This hydraulic shock absorber was provided with a variable orifice that changed the damping force characteristics.

An actuator for operating this variable orifice was attached to the vehicle body separately from this shock absorber.

(Problems to be Solved by the Invention) However, such a conventional variable damping force hydraulic shock absorber has the following problems.

■ Since the hydraulic shock absorber and actuator are separate,
When assembling to the vehicle body, it is sometimes necessary to match the positions of the two parts with respect to the vehicle body, which results in poor assembly work efficiency and tends to reduce assembly accuracy.

■ It is necessary to secure mounting space for both the hydraulic shock absorber and the actuator on the vehicle body, and the degree of freedom in mounting it on the vehicle is low.

■ During the overwhelming stroke, fluid is only supplied to the lower chamber from the upper chamber via the damping force generating means, and no fluid is supplied from the reservoir chamber. If the fluid flow rate from the chamber to the lower chamber is restricted too much, the amount of fluid supplied to the lower chamber becomes insufficient, resulting in negative pressure and cavitation. For this reason, the overwhelming damping force cannot be set high.

The present invention has focused on these problems, and has developed a variable damping force liquid that has good assembly workability, high accuracy in one assembly, has a large degree of freedom in mounting on vehicles, and can further widen the variable range of damping force. The purpose is to provide a pressure buffer.

(Means for Solving the Problems) In order to achieve the above-mentioned object, in the variable damping force hydraulic shock absorber of the present invention, a guide member having a rod insertion hole is provided at the lower end, and a base is provided at the upper end. cylinder tube,
The cylinder tube is defined into an upper chamber and a lower chamber, a piston connected to a piston rod inserted into the cylinder tube from a rod insertion port, and a lower communication passage provided surrounding the cylinder tube and provided on the outer periphery of the cylinder tube. an outer tube forming an outer chamber communicating with the lower chamber through the cylinder tube, and forming a reservoir chamber defined by the outer chamber and the upper chamber above the cylinder tube;
a first communication passage that is formed in the base and communicates between the upper chamber and the reservoir chamber; a second communication passage that communicates between the upper chamber and the outer chamber; and a check passage that communicates the reservoir chamber with the upper chamber; A variable orifice is provided on the base so as to be able to change the fluid flow rate of the communication passage, and an actuator is provided between the upper end attachment portion of the outer tube and the base to operate the variable orifice.

(Function) The operation of the variable damping force type hydraulic shock absorber of the present invention will be explained.

First, during the extension stroke, the volume of the lower chamber is reduced and the upper chamber is expanded.
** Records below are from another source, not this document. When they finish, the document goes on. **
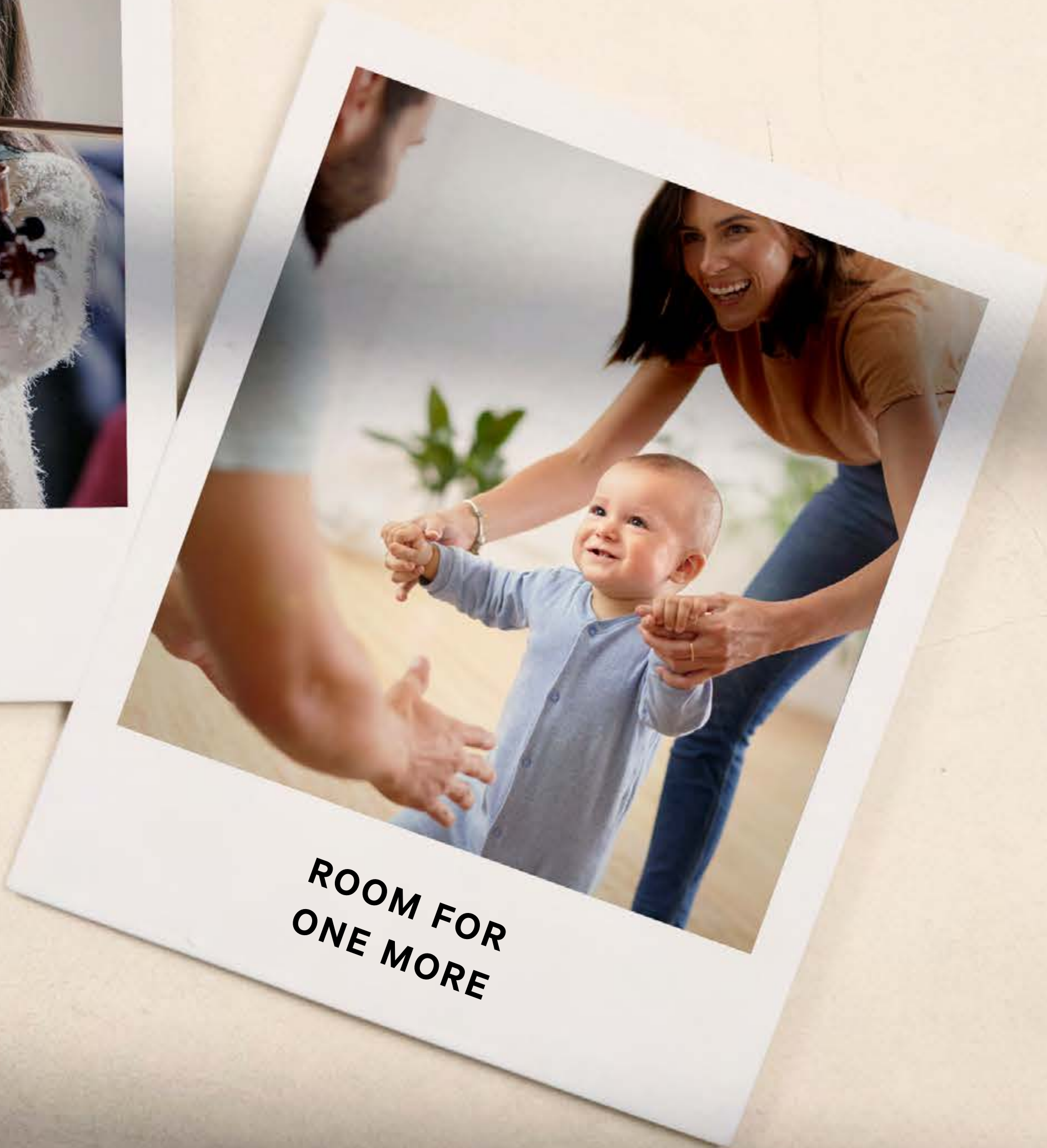
ROOM FOR ONE MORE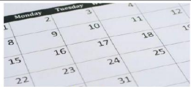
Today ____ Tuesday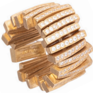
CRS-2001 € 62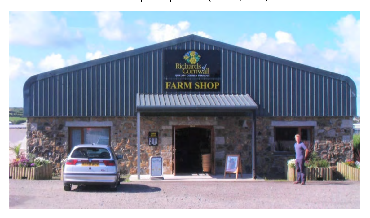
Locally Produced Product Farm Shop in Cornwall, UK.

A recent article published in Food Week reported the concerns of Western Australian fruit and vegetable growers who claim that rising production costs will limit their capacity to produce enough food for the state by 2020 (Food Week Online, 2008). Other research again suggests that local production does not necessarily guarantee fewer carbon emissions than imported products (Neville, 2008).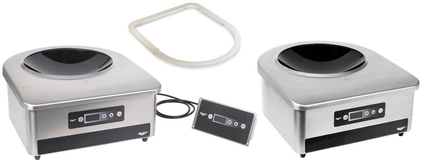
Drop-In Model shown with accessory kit - purchase separately.

According to this volume change, the fluid in the lower chamber flows into the outer chamber through the lower communication passage, and further flows from the outer chamber into the upper chamber through the second communication passage in the base. A damping force can be generated as the fluid flows.

Further, at this time, the damping force range can be changed by changing the flow rate of fluid in the second communication path using the variable orifice.
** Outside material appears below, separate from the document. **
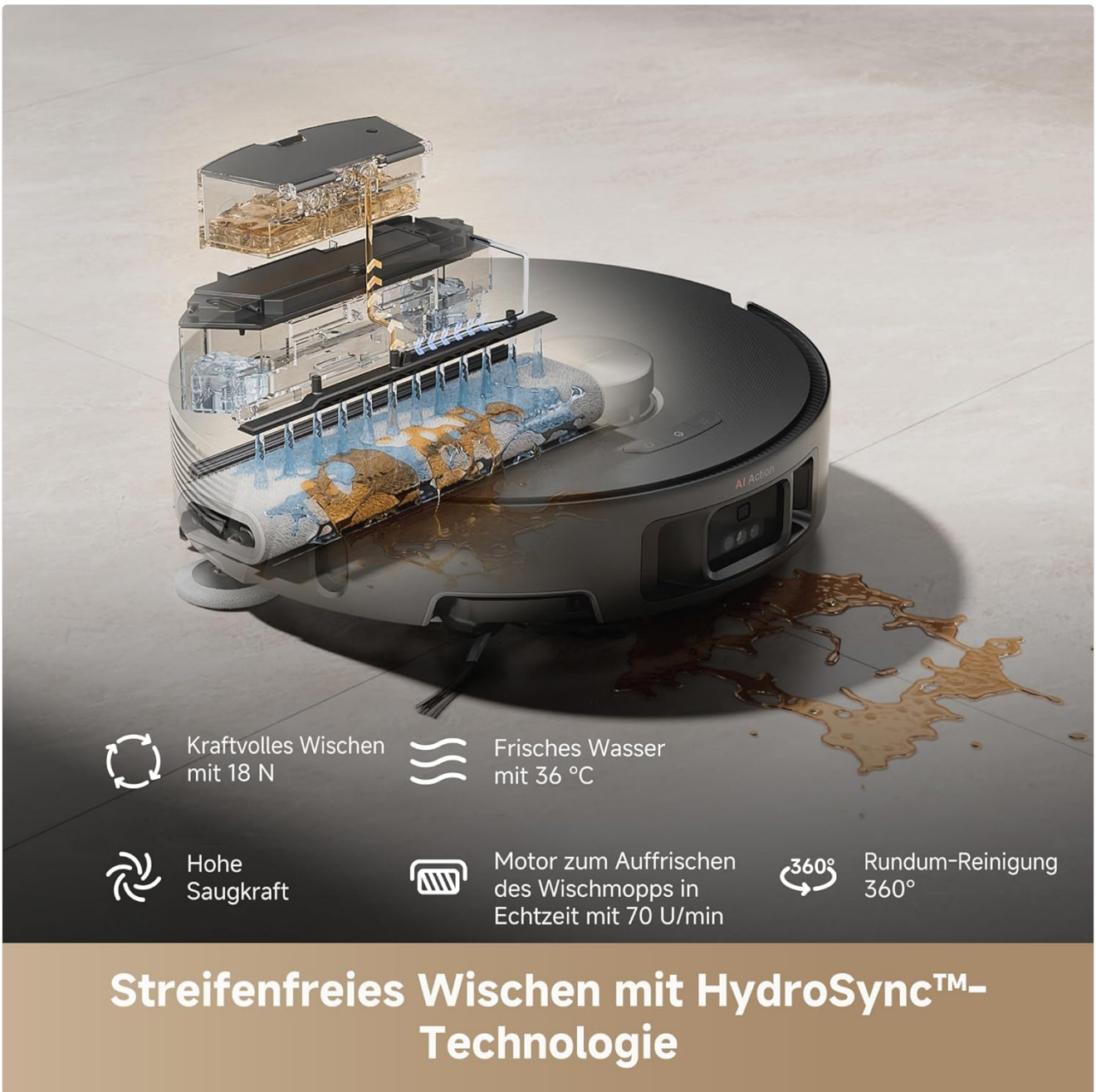
Image: An illustration demonstrating the HydroSync mopping technology, showing fresh water being applied and dirty water being collected for streak-free cleaning.

In addition, during the pressure side stroke, an amount of fluid corresponding to the volume of the piston rod withdrawn from the cylinder tube is supplied to the upper chamber from the reservoir chamber via the check passage. Therefore, the upper chamber does not become under negative pressure and cavitation does not occur.

Next, during the overwhelming stroke, the volume of the lower chamber is expanded and the upper chamber is contracted.

According to this volume change, a part of the fluid in the upper chamber flows to the outer chamber through the second communication passage, and further flows into the lower chamber via the lower communication passage. Further, the remaining fluid (an amount of fluid corresponding to the volume of the piston rod that has entered the cylinder tube) flows into the reservoir chamber through the first communication path.

A damping force can be generated by this fluid flow.

Further, at this time, the damping force range can be changed by changing the flow rate of the fluid in both communication passages using the variable orifice.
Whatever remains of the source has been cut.